Zero hallucination via citation enforcement

01The Problem

RAG is the dominant architecture for production document AI — but most demos treat retrieval as a black box. You enter a query, magic happens, an answer appears. I wanted to build a demo where the retrieval step is fully transparent: chunk scores, matched terms, and the grounding constraint are all visible.

02The Approach

Documents are split into paragraph-aware chunks (~400 chars with overlap). At query time, BM25 (Okapi BM25, the same algorithm powering Elasticsearch) scores every chunk against the query. The top-5 chunks are sent to Claude Haiku with a citation-enforced system prompt: it can only use retrieved context, must cite sources inline. The UI shows BM25 scores as bar charts, matched query terms as tags, and streams the answer.

03Architecture Decisions

Okapi BM25 from scratch in TypeScript

Implemented BM25 (k₁=1.5, b=0.75) in pure TypeScript — no external retrieval library. The index is built in-memory per request, scoring each chunk by IDF-weighted term frequency with document-length normalization. Same algorithm as Elasticsearch and Apache Lucene. Zero external API dependencies for retrieval.

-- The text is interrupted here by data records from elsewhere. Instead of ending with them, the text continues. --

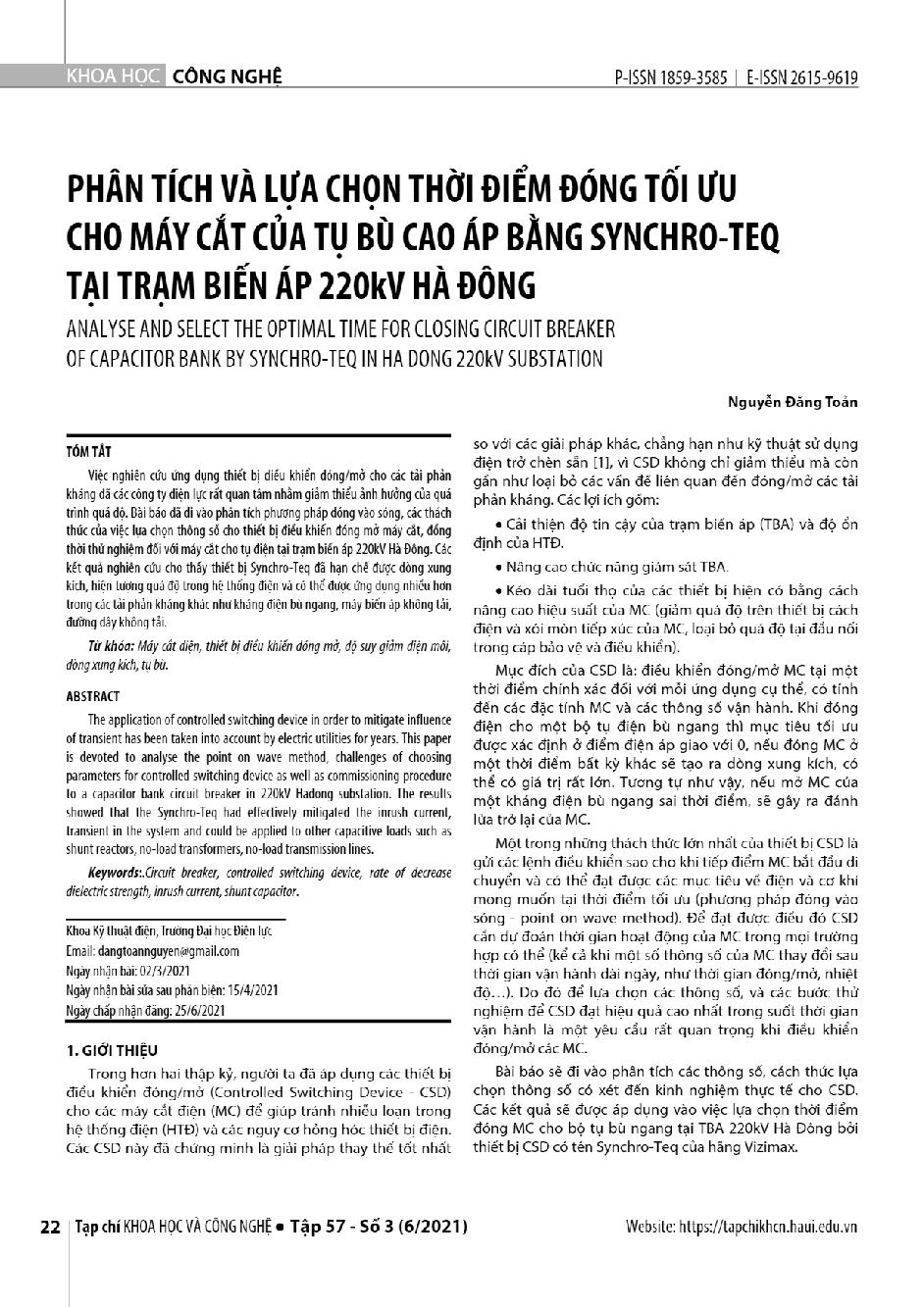 Phân tích và lựa chọn thời điểm đóng tối ưu cho máy cắt của tụ bù cao áp bằng synchro-TEQ tại trạm biến áp 220kV Hà Đông = Analyse and select the optimal time for closing circuit breaker of capacitor bank by synchro-TEQ in Ha Dong 220kV substation
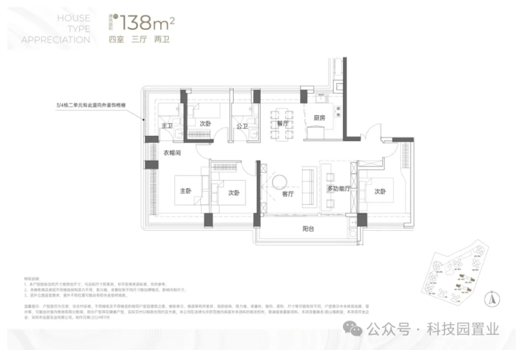 ⑥【一步到位性价比王牌 前海改善头等舱】4栋建面约138㎡奢阔山居范本:LDKB一体化,增配多功能厅、最大约15.5米南向四开间、约6m宽境阳台、主卧270°巨幕飘窗带独立卫浴及衣帽间、最高约94%拓展后综合使用率
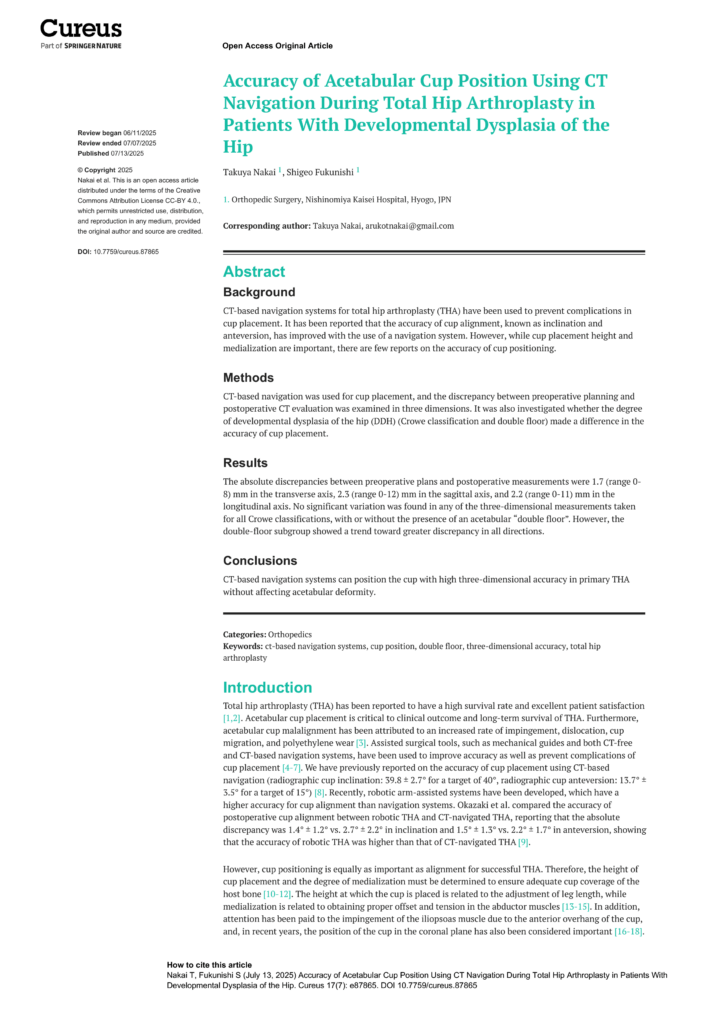 Navigation During Total Hip Arthroplasty in Patients With Developmental Dysplasia of the Hip」論文が、医科学分野の国際学術雑誌「Cureus」に掲載されました。
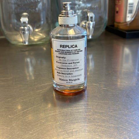 Maison Margiela Replica parfume. Flakon med spraydyse. Duft fra Replica-serien, egnet som unisex parfume. Klar glasflaske med etiket på forsiden og gennemsigtig hætte.
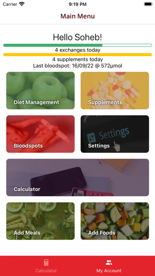 If that isn't enough, there is a diet management section where you can record how many exchanges you are having on a daily basis so you can keep track of all the exchanges you are having, and quickly see if something is taking a lot more of your exchanges than you thought.
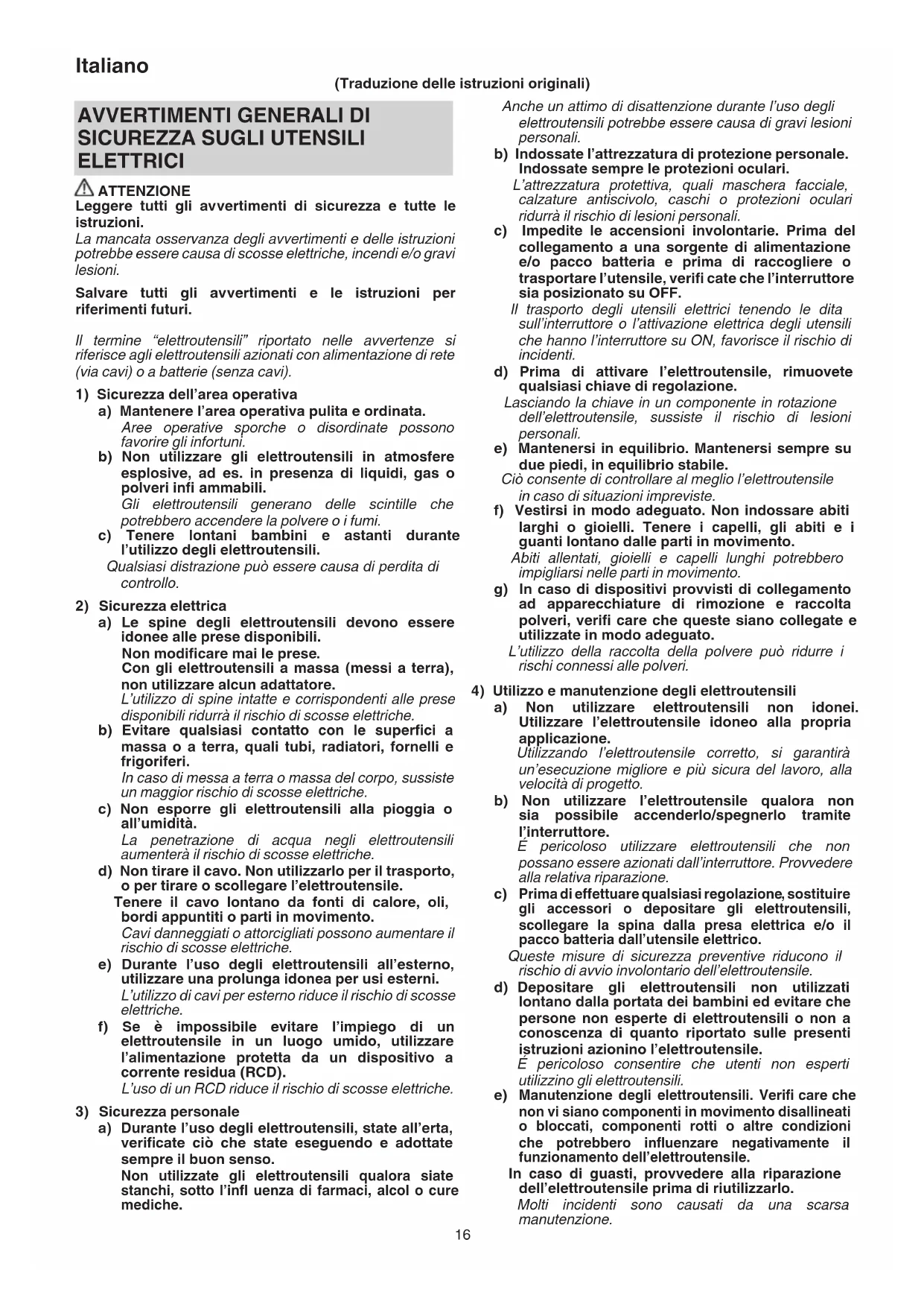 ELETTRICI ATTENZIONE Leggere tutti gli avvertimenti di sicurezza e tutte le istruzioni. La mancata osservanza degli avvertimenti e delle istruzioni potrebbe essere causa di scosse elettriche, incendi e/o gravi lesioni. Salvare tutti gli avvertimenti e le istruzioni per riferimenti futuri. Il termine “elettroutensili” riportato nelle avvertenze si riferisce agli elettroutensili azionati con alimentazione di rete (via cavi) o a batterie (senza cavi).
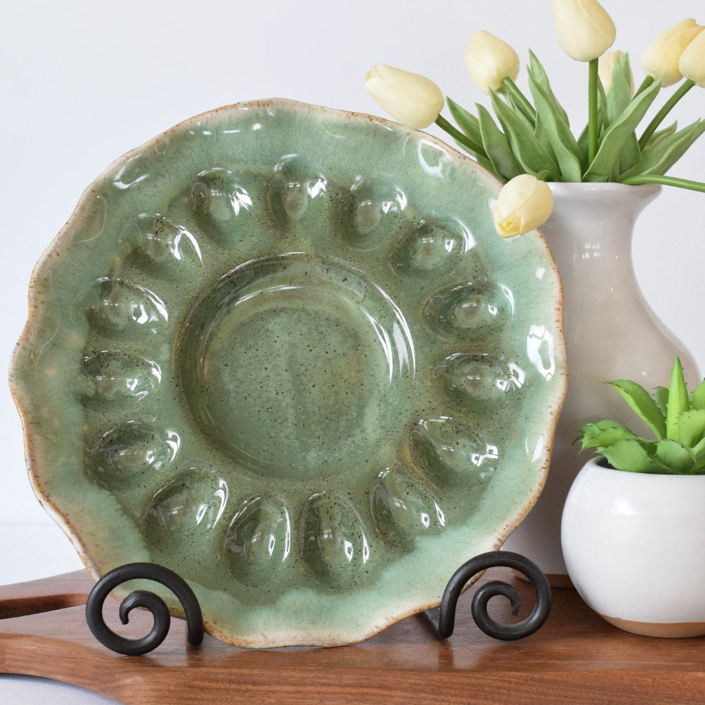 Eat in style with our handmade Handcrafted Egg Plate! This beautiful, one-of-a-kind plate is perfect for serving eggs, entertaining guests, and making breakfasts even more delicious. Dishwasher and oven safe, this egg plate is all you need to show off your cooking skills!

Paragraph-aware chunking with fallback

The chunker splits on double newlines first (preserving semantic units), then falls back to character-level splitting for paragraphs that exceed the chunk size. Overlap of ~80 chars prevents context loss at chunk boundaries — a critical detail that affects answer quality.

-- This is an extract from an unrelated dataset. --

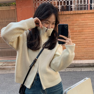 外套 百搭宽松拉链针织开衫 一三良品小个子 高领毛衣秋冬外穿新款
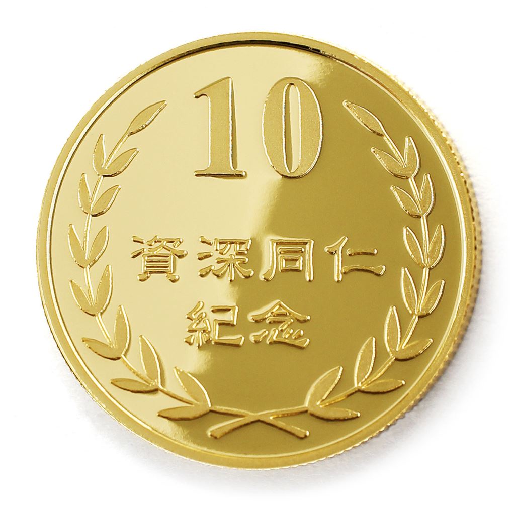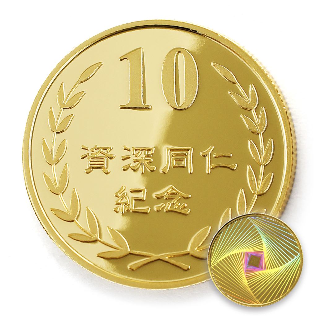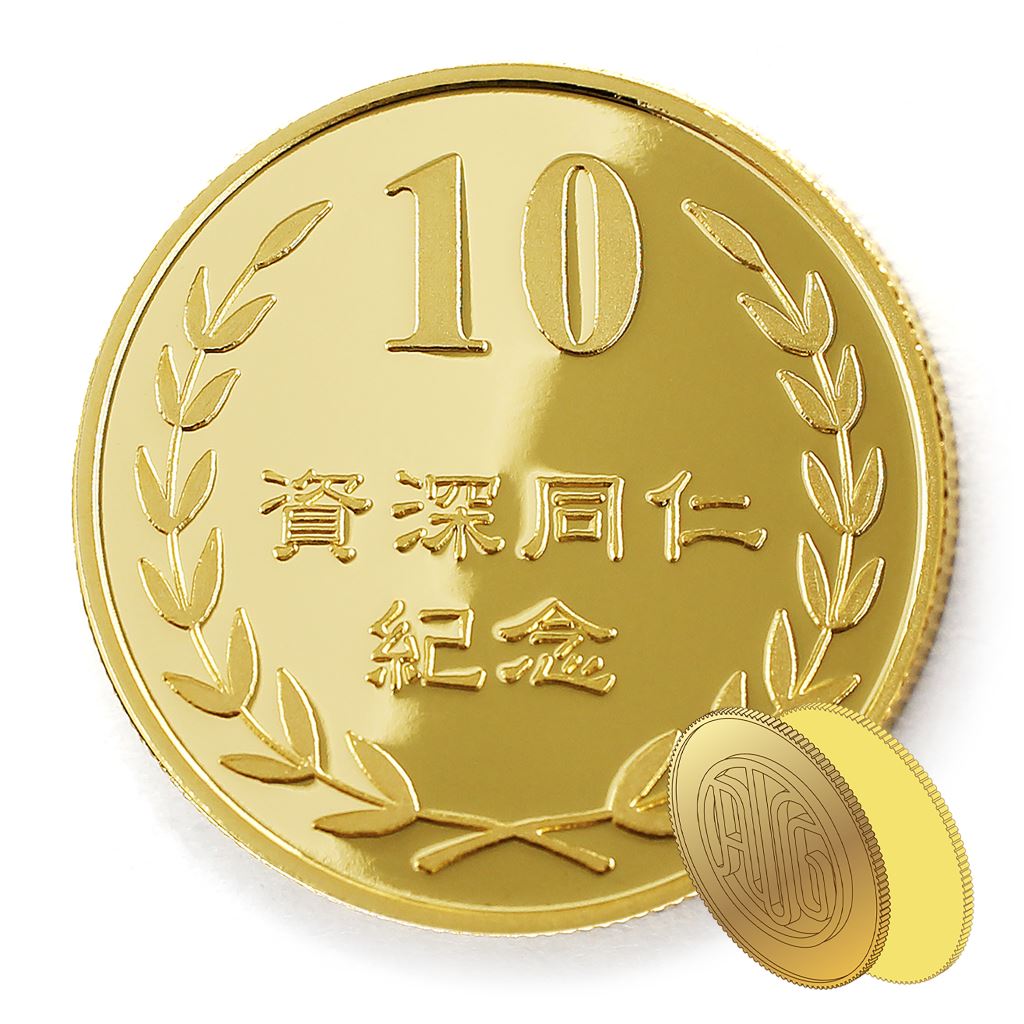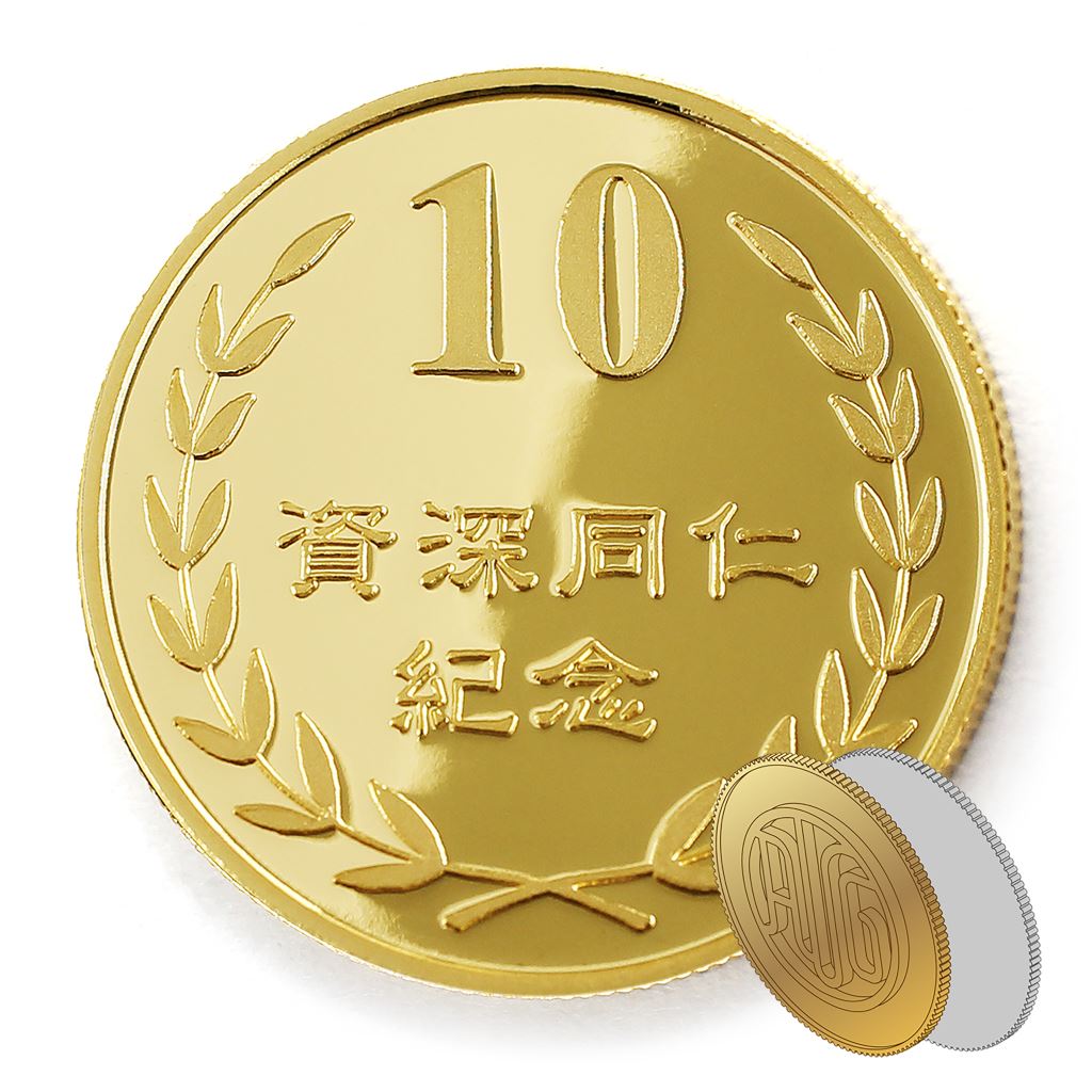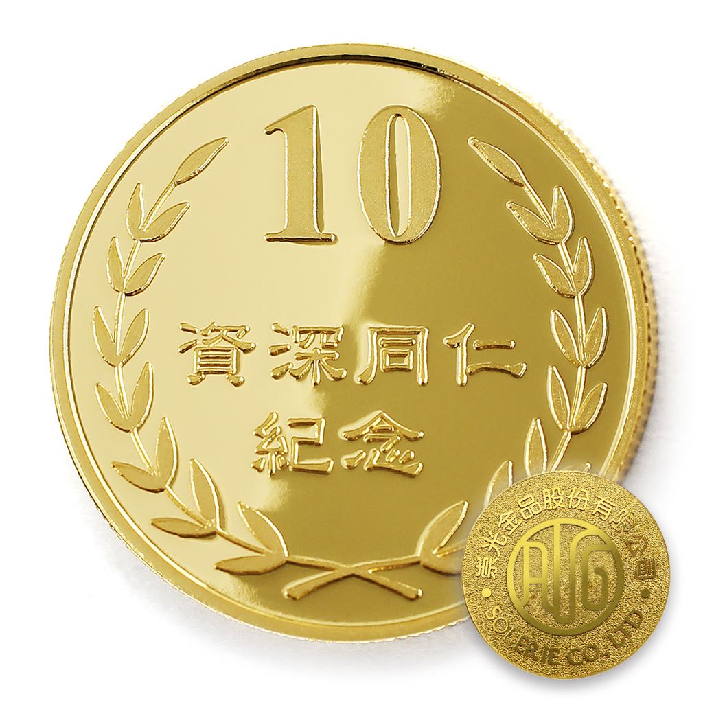 正面為金幣年資10桂冠圖樣,背面為銅鍍金材質鏡面客製化CNC雕刻

Citation-enforced generation

Claude Haiku's system prompt constrains it to use only retrieved chunks, with mandatory [Source N] inline citations. This isn't just cosmetic — it's a hallucination prevention contract. If the answer isn't in the retrieved context, Claude must say so. This is the key design decision in production document AI.

Full pipeline transparency in the UI

Every step of the pipeline is visible: chunk count, retrieval scores, matched query terms, and streaming generation. The user can see exactly which chunks were retrieved and why — BM25 scores rendered as proportional bars. This makes the demo educational as well as functional.

04Key Insight

BM25 is vocabulary-dependent: it requires query terms to appear in the retrieved chunks. This is the core tradeoff vs. neural embeddings, which handle semantic similarity without lexical overlap. For a demo, BM25 is ideal — it's fast, deterministic, and the scoring is interpretable. Production systems typically layer a neural reranker on top of BM25 to get the best of both worlds.

05Why It Matters

Demonstrates the full RAG stack — retrieval strategy, chunking, grounded generation — with all tradeoffs made explicit. Directly relevant to enterprise document AI, legal tech, and any system where source attribution matters. The transparent scoring makes it a teaching tool as well as a demo.